Con el paso de los años las manadas de toros fueron
pasando de manos de los frailes (Iglesia) y de la nobleza (Realeza) a manos de
criadores particulares que fueron seleccionando aquellos ejemplares que mas les
gustaban según sus caracteristicas externas (fenotipo) y su instinto y
comportamiento (genotipo). Es lo que conocemos por “trapío” o aspecto externo y
“casta” como sinónimo de bravura
heredada supuestamente de su reata, de sus progenitores. A los toros de lidia
hoy día se les supone la “casta” igual que a los solados el valor.

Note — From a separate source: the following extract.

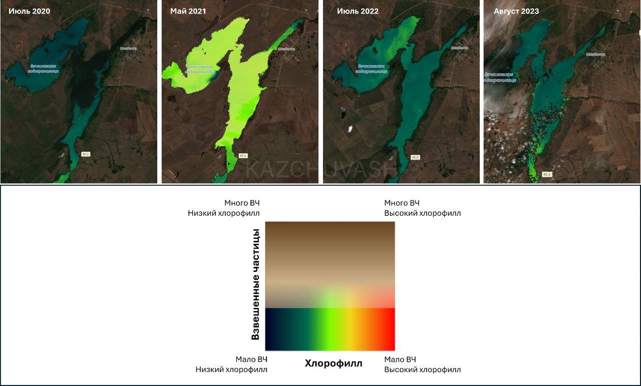 На спутниковых снимках ярко-зеленым подкрашены взвешенные частицы и хлорофилл. Очень активные в месте, где небольшая речушка впадает в водохранилище (справа). А вдоль этой речки, и других мелких впадающих в неё, вверх по течению - огромные распаханные поля. Кое-где на расстоянии около 25 метров от реки. Надо понимать, что талые и дождевые воды смывают с полей всю химию, которой обрабатывали и прямиком доставляет в водохранилище. А в прошлом году паводки сделали это в несколько раз сильнее.

Desde que tengo uso de razón he sido testigo de la evolución
fenotípica y genotípica del toro de lidia. Y perdonen mi inmodestia pero yo con
cuatro o cinco años, sentado a las faldas de mi tia-abuela Doña Concepción de
la Concha y Sierra en la plaza de
tientas de la Abundancia miraba através de un ventanuco las corridas que se
iban a embarcar a las palzas de toros de Madrid, Zaragoza, Barcelona, etcétera,
y lo que veía me parecían los animales mas bellos y terroríficos del mundo,
berrendos en blanco y negro, ensabanaos, chorreaos, sardos… y más tardes en La
Alegría con mi tío Juan de Dios y mis primos he admirado la belleza y grandeza
del toro bravo libre en el campo.
Y por eso soy de la opinión de que la única defensa
que tenemos los que admiramos a estos animales y los que nos gustaría que
siguieran muriendo heroicamente en una plaza de toros luchando por su vida
eterna (si, eterna he dicho) es que los señores ganaderos que tiene en sus
manos las selección de esta especie animal tan excepcional salvaguarden su
bravura y casta brava anteponiendo esta cualidad psicológica indispensable y
patognomónica del Toro Bravo a otros
aspectos menos necesarios como podrían ser la “bondad”, la “clase”, la “suavidad”,
la “docilidad”… adjetivos que no concuerdan con la defensa que propongo del
toro de lidia.
Dejemos que los artistas sean los toreros y no los
toros. El toro tiene que ser un animal con instinto de embestir y la codicia de
cornear. Y cuanto más mejor. Y tiene que tener peligro. Y tiene que defenderse
en determinados momentos y atacar en otros. Y tiene que desarrollar
instintivamente sentido de supervivencia. Y tiene que morir matando si puede…
Y que cuando salga un toro a cualquier plaza de
toros de España, de Francia, de America o de cualquier rincón del mundo se haga un silencio de respeto y admiración al animal que por
su tipo y por su carácter, por su lucha y por su muerte tan digna en cada Plaza
de Toros, merezca el reconocimiento del público, todos puestos en pie y
orgulloso de nuestras tradiciones.
De esta manera tendremos Toros toda la vida.